### [Task item]
Start at the line below containing "Altitude calculée de l'eau (en m) : 32.792" and stop at the line containing "党支部组织全体教职工深入学习十九大精神". Repeat every line of that stretch exactly, and nothing outside it.

### [Records supplied]
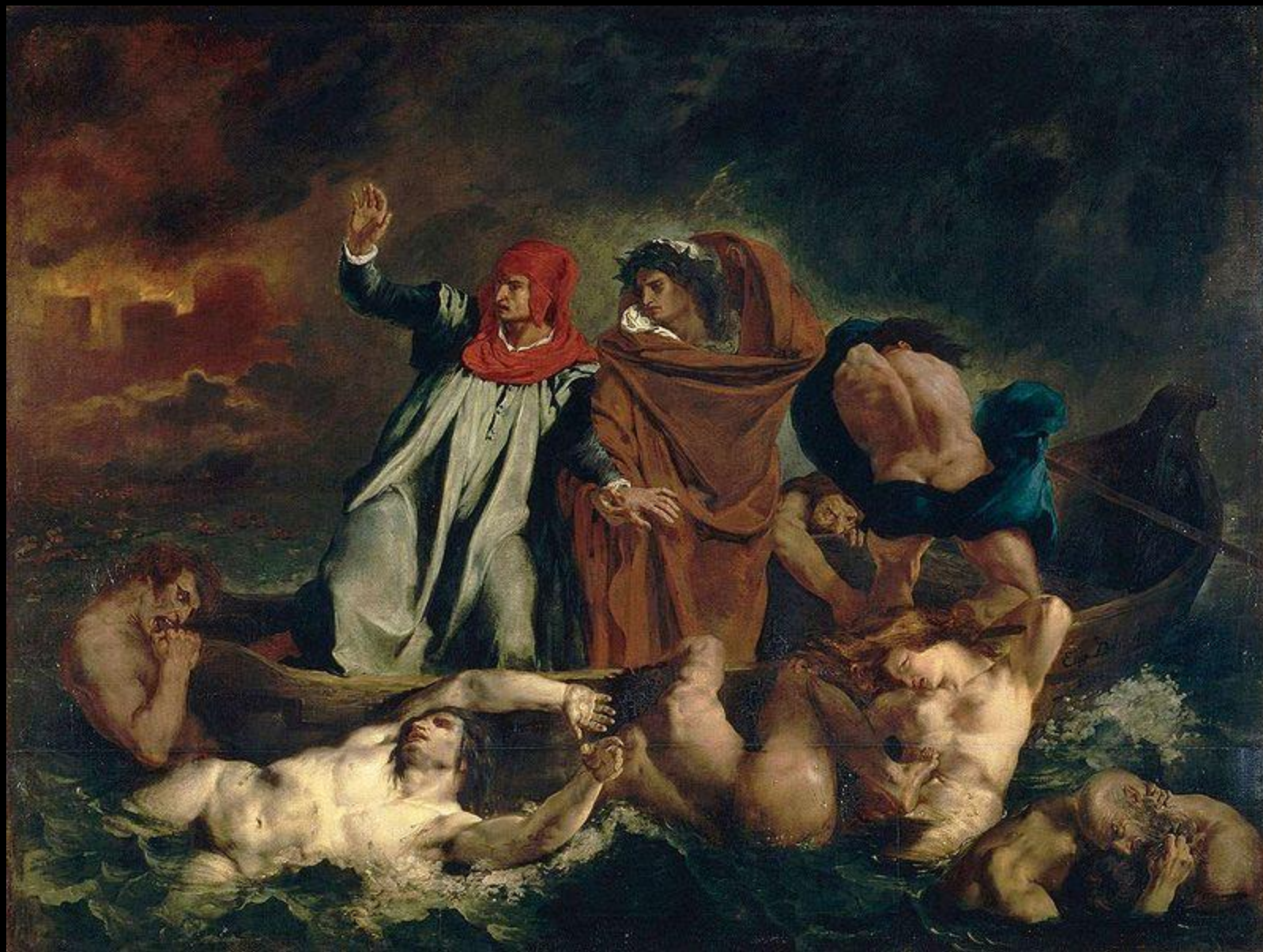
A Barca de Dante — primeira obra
...
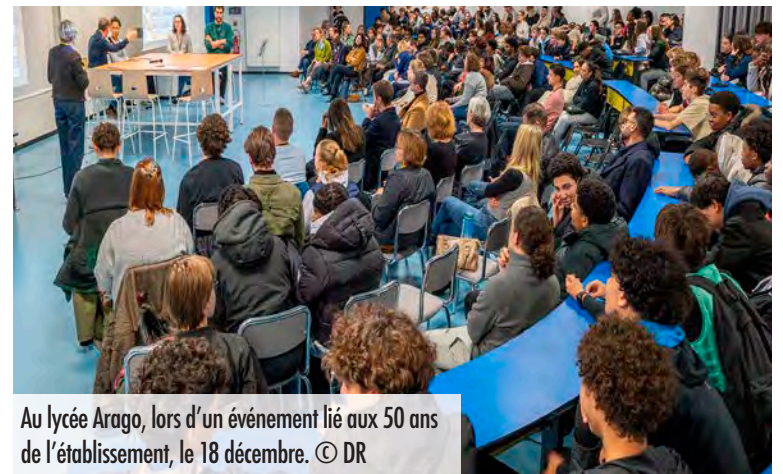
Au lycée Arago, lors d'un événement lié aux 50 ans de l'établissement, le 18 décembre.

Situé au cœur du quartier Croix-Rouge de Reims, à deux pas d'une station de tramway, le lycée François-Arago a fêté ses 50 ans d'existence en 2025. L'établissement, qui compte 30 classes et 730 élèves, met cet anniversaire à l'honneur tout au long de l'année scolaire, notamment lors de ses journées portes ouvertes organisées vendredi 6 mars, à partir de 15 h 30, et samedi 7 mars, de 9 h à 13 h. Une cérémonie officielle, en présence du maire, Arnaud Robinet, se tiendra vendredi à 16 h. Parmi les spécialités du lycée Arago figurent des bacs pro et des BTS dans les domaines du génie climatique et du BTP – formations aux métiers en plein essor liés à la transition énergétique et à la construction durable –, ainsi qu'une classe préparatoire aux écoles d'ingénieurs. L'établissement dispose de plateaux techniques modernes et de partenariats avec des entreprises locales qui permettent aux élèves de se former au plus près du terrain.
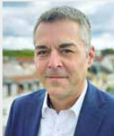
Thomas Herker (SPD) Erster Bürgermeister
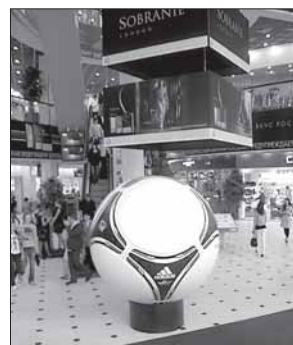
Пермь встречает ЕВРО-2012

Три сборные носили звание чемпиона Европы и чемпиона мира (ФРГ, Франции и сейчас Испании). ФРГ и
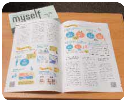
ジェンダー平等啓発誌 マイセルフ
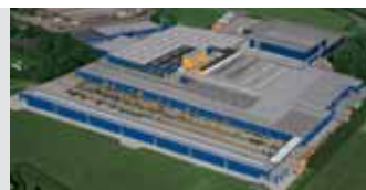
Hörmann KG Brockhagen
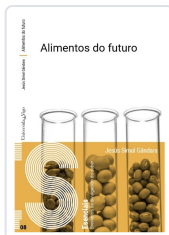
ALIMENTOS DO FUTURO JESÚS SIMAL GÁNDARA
...
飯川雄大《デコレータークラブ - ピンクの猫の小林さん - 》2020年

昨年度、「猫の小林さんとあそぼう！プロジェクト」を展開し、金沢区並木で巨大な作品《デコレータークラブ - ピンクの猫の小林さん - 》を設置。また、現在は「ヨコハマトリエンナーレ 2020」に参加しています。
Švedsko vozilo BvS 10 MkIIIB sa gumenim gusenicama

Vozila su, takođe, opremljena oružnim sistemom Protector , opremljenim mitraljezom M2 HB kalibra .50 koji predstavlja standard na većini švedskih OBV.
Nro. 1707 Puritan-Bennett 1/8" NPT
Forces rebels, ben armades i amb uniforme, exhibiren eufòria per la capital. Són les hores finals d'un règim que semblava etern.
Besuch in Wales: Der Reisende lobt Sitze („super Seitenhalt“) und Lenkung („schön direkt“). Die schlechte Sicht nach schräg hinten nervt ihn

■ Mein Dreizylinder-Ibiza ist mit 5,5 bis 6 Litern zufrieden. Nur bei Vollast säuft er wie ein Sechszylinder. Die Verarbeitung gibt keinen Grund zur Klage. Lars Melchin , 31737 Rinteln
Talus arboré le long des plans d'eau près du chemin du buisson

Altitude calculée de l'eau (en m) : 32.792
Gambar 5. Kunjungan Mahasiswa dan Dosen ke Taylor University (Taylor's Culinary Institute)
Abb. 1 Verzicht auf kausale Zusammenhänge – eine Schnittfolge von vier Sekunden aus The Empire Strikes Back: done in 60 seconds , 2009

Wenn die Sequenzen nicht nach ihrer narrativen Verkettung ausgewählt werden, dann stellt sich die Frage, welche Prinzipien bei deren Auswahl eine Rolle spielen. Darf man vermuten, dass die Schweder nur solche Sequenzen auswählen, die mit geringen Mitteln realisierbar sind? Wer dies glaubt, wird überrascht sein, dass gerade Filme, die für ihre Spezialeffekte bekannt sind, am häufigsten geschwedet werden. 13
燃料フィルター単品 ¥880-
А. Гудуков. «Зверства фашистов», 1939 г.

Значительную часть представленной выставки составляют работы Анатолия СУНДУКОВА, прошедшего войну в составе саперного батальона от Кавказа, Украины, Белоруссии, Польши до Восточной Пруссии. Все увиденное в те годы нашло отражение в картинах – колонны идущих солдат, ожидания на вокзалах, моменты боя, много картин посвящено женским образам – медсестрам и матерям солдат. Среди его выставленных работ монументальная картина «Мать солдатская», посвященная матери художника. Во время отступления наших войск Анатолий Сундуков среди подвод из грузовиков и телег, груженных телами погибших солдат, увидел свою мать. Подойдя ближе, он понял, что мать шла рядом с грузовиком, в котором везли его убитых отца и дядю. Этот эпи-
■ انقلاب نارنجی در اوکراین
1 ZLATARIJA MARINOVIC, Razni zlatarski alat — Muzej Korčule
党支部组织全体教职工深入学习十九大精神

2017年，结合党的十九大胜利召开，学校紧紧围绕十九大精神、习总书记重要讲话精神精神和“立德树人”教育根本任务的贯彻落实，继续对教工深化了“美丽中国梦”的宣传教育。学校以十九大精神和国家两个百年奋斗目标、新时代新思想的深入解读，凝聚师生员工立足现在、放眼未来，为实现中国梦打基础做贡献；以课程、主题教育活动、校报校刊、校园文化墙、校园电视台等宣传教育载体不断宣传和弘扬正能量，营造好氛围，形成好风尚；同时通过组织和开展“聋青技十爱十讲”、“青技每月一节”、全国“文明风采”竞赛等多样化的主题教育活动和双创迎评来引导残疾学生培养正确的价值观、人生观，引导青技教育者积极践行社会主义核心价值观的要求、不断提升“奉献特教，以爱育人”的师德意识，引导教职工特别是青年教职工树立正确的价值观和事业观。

### [Written answer]
Altitude calculée de l'eau (en m) : 32.792
Gambar 5. Kunjungan Mahasiswa dan Dosen ke Taylor University (Taylor's Culinary Institute)
Abb. 1 Verzicht auf kausale Zusammenhänge – eine Schnittfolge von vier Sekunden aus The Empire Strikes Back: done in 60 seconds , 2009

Wenn die Sequenzen nicht nach ihrer narrativen Verkettung ausgewählt werden, dann stellt sich die Frage, welche Prinzipien bei deren Auswahl eine Rolle spielen. Darf man vermuten, dass die Schweder nur solche Sequenzen auswählen, die mit geringen Mitteln realisierbar sind? Wer dies glaubt, wird überrascht sein, dass gerade Filme, die für ihre Spezialeffekte bekannt sind, am häufigsten geschwedet werden. 13
燃料フィルター単品 ¥880-
А. Гудуков. «Зверства фашистов», 1939 г.

Значительную часть представленной выставки составляют работы Анатолия СУНДУКОВА, прошедшего войну в составе саперного батальона от Кавказа, Украины, Белоруссии, Польши до Восточной Пруссии. Все увиденное в те годы нашло отражение в картинах – колонны идущих солдат, ожидания на вокзалах, моменты боя, много картин посвящено женским образам – медсестрам и матерям солдат. Среди его выставленных работ монументальная картина «Мать солдатская», посвященная матери художника. Во время отступления наших войск Анатолий Сундуков среди подвод из грузовиков и телег, груженных телами погибших солдат, увидел свою мать. Подойдя ближе, он понял, что мать шла рядом с грузовиком, в котором везли его убитых отца и дядю. Этот эпи-
■ انقلاب نارنجی در اوکراین
1 ZLATARIJA MARINOVIC, Razni zlatarski alat — Muzej Korčule
党支部组织全体教职工深入学习十九大精神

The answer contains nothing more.